Repository files navigation

Setup

  1. install Quartus version 18.1 (can be later, but you may need to upgrade ip)
  2. install matlab and then create an alias for the executible in your bashrc file of the form: matlab="path/to/matlab/executible/"
  3. run ./setup_env.sh from the repository root directory
  4. reload shel and new functions using bash command "exec bash".
  5. run function "matlab_path_setup"
  6. you are all set to start generating data.

Hardware

Contains the FPGA hardware for the system.

top subdir

Directory contains all projects used for research. The only difference between any of the projects is the top.h located in the include subdirectory of a project directory. This file allows one to specify:

  1. the number of cache levels (1 or 2).
  2. individual set associativity for each cache (2-way 4-way, 8-way, 16-way or fully associative)
  3. individual cache replacement policy for each cache
  4. individual capacity of each cache
  5. the bitwidth of the lease value register and the bitwidth of long lease percentage

You can modify other things, but you probably will not need to do so and it will require you to have changed other files as well. Once changes are made, project will have to be recompiled in order for things to take effect.

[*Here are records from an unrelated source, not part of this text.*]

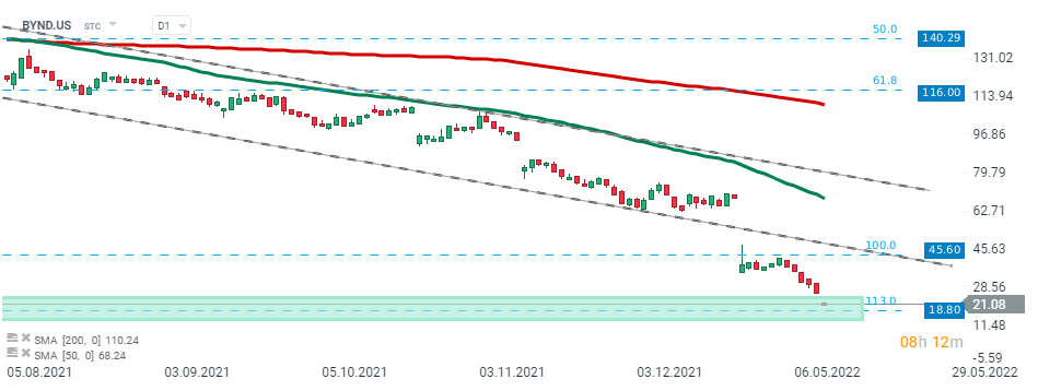 أطلق سهم Beyond Meat (BYND.US) جلسة اليوم بفجوة سعرية هبوطية ويختبر حاليًا الدعم حول 18.80 دولار والذي يتزامن مع ارتداد فيبوناتشي الخارجي بنسبة 113٪ للموجة الصعودية التي تم إطلاقها بعد الاكتتاب العام الأولي للشركة. في حالة حدوث الاختراق الأدنى ، من الصعب الإشارة إلى أي دعم قوي حيث سيدخل السعر منطقة مجهولة. المصدر: xStation5
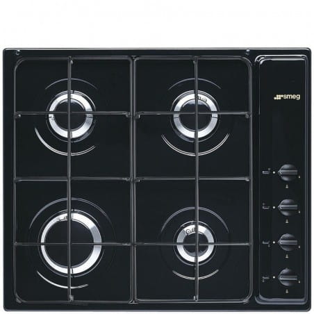 Płyta gazowa Smeg S64SN o szerokości 58,5 cm posiada 4 palniki i emaliowane ruszty. Wyposażona jest w zintegrowaną zapalarkę w pokrętle oraz zabezpieczenie przeciwwypływowe gazu, co zwiększa bezpieczeństwo użytkowania.
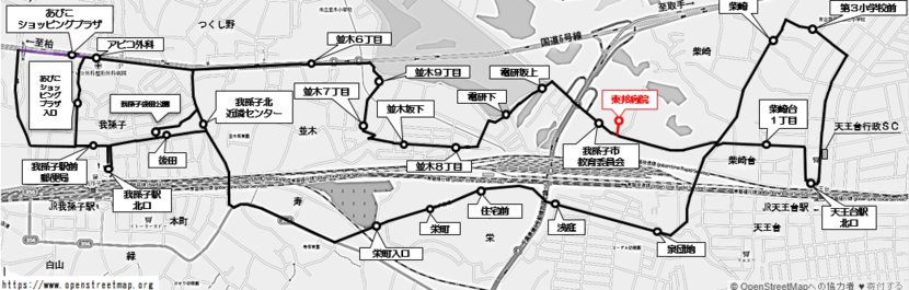 詳しいルートを確認したい場合は、我孫子市公開型GIS「あびまっぷ」内の「バス停留所」からご確認ください。
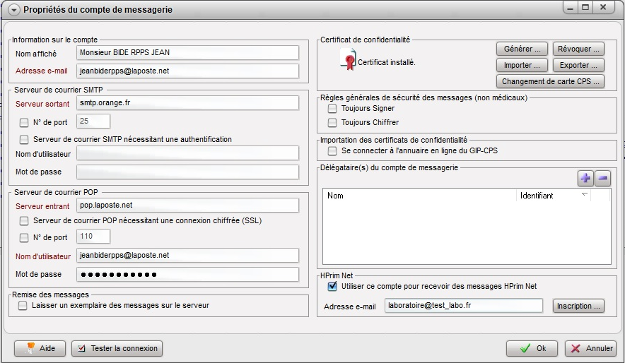 Si cela est nécessaire, cochez l'option Utiliser ce compte pour recevoir des messages HPrim Net,
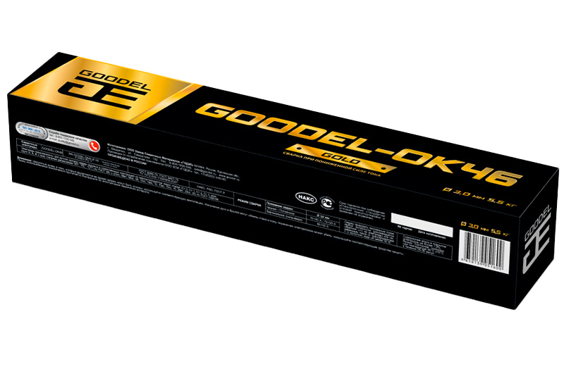 Сварочные электроды ОК-46 GOLD 3.0 мм 5,5 кг GOODEL используются для сварки рядовых и ответственных конструкций из углеродистых и низколегированных сталей с временным сопротивлением разрыву не менее 451 МПа. Кроме того, они применяются для прихваток, корневых швов, заварки широких зазоров и сварки тонколистового металла.
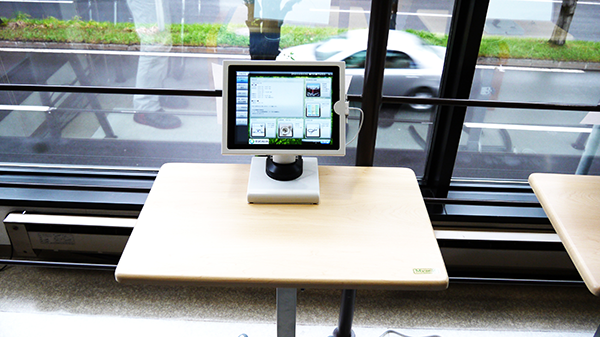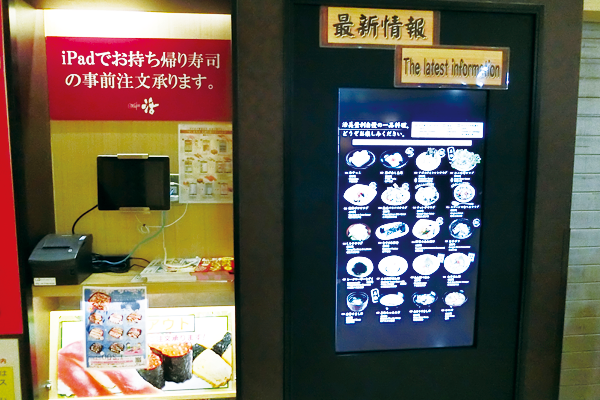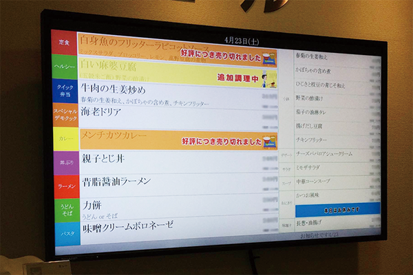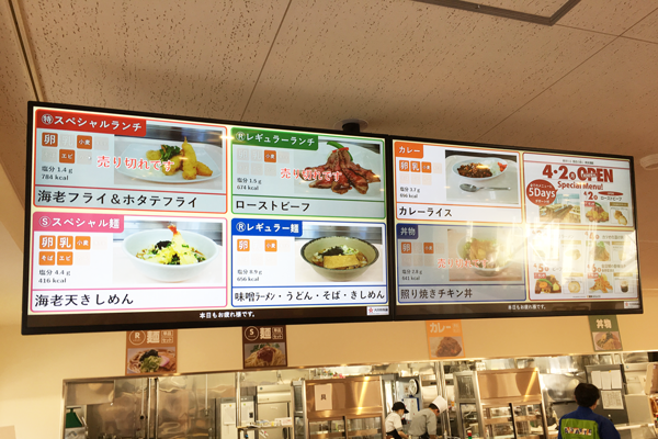 そこで、食堂の入口に、メニューの販売状況を表示したディスプレイを設置し、食堂の中からタブレット端末を操作することで、
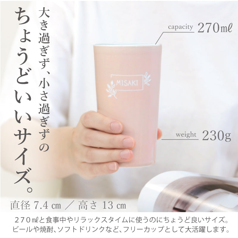 ・ 直径 約7.4cm 高さ 13cm ・重量 約230g ・容量 約270ml |

SOF files for each project have been uploaded to the repo, so you do not need to compile first before generating data.

Projects

  • system_fa_dynamic_lease_multi_level

    Project is setup for the multi-level lease cache system. For the multi-level lease cache, the sampler table has only 64 entries compared to 256 for the other projects on account of resource constrains, so you probably want to sample using the multi-level PLRU cache system to get samples for multi-level.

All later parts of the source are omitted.